Iran's Green Movement has embraced a new symbol of protest: the woman's veil. In an unprecedented show of support for women's rights, Iranian men have posted photos of themselves wearing the head covering typically worn by Muslim women. The images show hundreds of men clad in bright green headscarves posing mockingly for the camera.




This campaign was sparked by the government's attempt to humiliate leading student activist Majid Tavakoli. Authorities arrested Tavakoli after he delivered a fiery anti-government speech during Iran's Student Day demonstrations on December 7th. Following his detention, the semi-official Fars News Agency published photos of him wearing a woman's veil, claiming that he had been found trying to escape from campus using it as a disguise. Many members of the opposition believe the photos were fabricated to discredit and disgrace the young activist.
Once again, Iran's young and tech savvy opposition has cleverly utilized new media to bypass government censorship and laugh in the face of authority.

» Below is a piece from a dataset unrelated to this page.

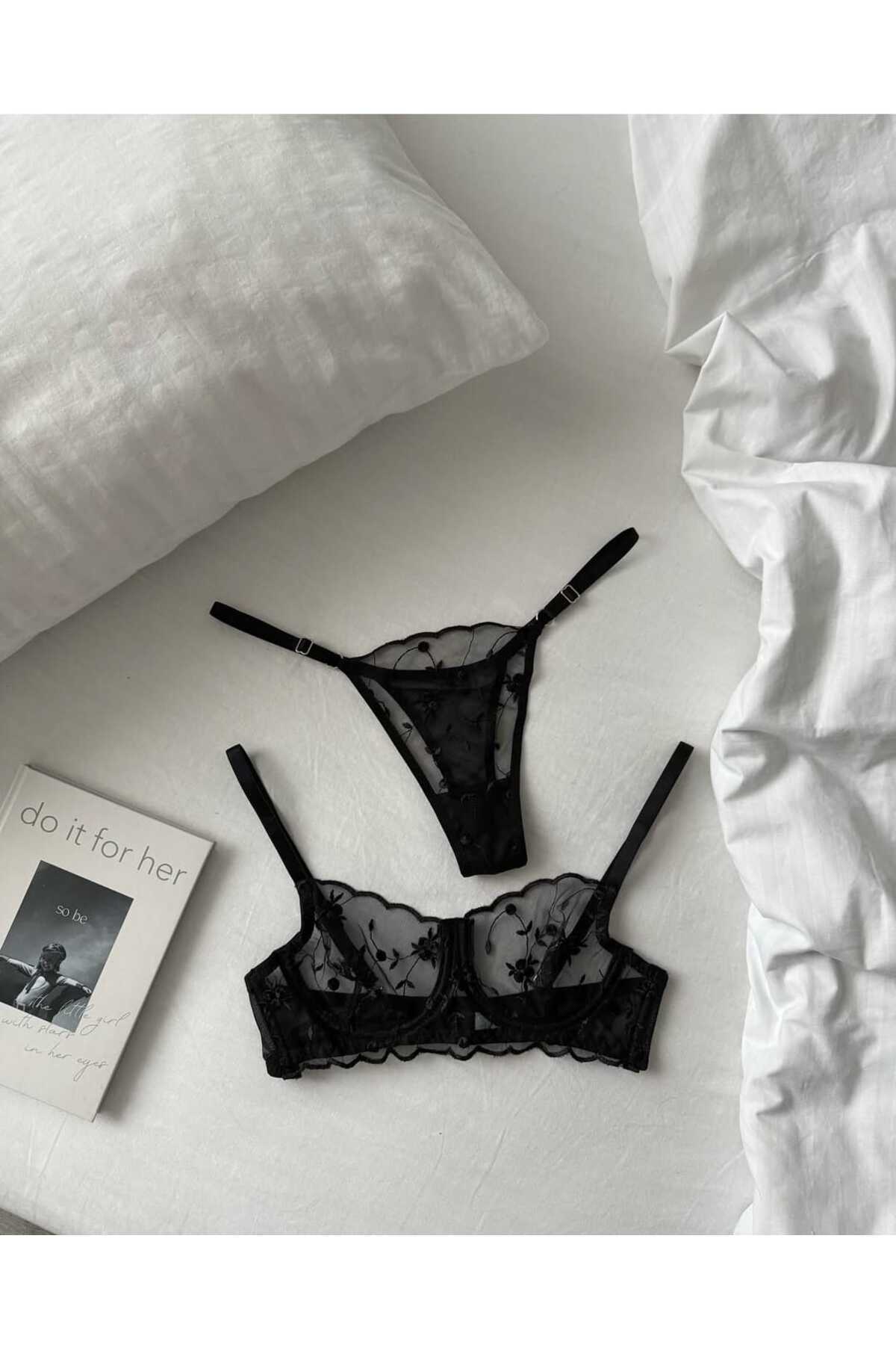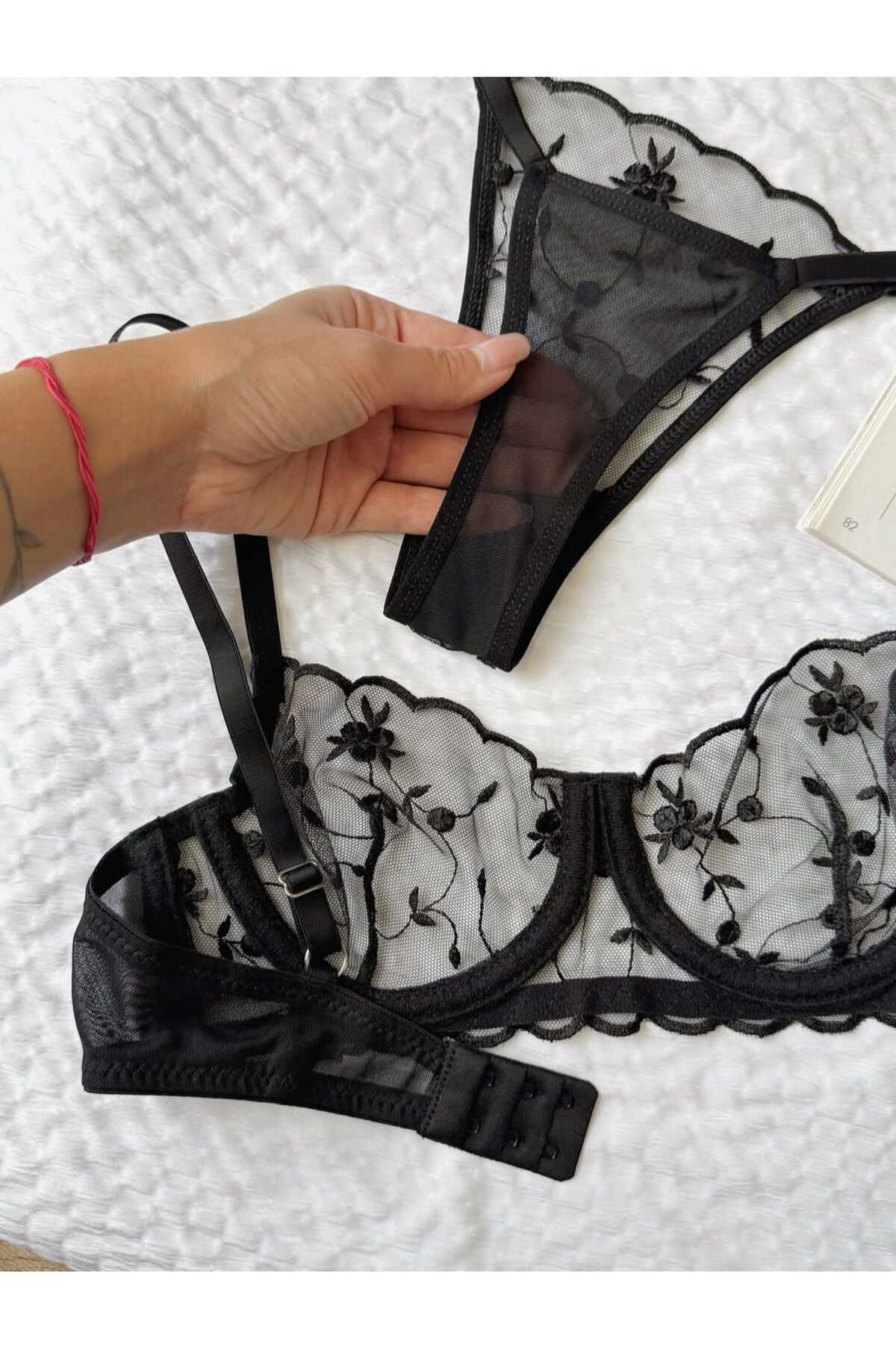 - Zarif çiçek desenleriyle süslenmiş, siyah dantel detaylarına sahip tanga külotlu sütyen takımı, şıklığınızı geceye taşır.

The online campaign highlights the absurdity of the regime's attempts at character defamation. A similar strategy was used after the government subjected hundreds of reformers to show trials following the disputed June election. People posted YouTube videos of themselves confessing to the most ridiculous things in order to show how baseless and empty the government's forced confessions and accusations against its critics have become. By co-opting the government's own tools of repression, the opposition has rendered such tactics ineffectual.

Given the politically fraught history of the veil, this campaign is deeply symbolic. In 1935, Reza Shah Pahlavi banned women from wearing a head covering in public in an attempt to move Iran away from what he considered religious backwardness and toward modernity. Prior to the Iranian Revolution of 1979, there was a revival of social traditionalism and women would don the veil to reaffirm their Iranian-Islamic identity against the perceived onslaught of Western influence. Today, young women flout Islamic dress codes by exposing their hair from under colorful headscarves in mass defiance of the Islamic Republic.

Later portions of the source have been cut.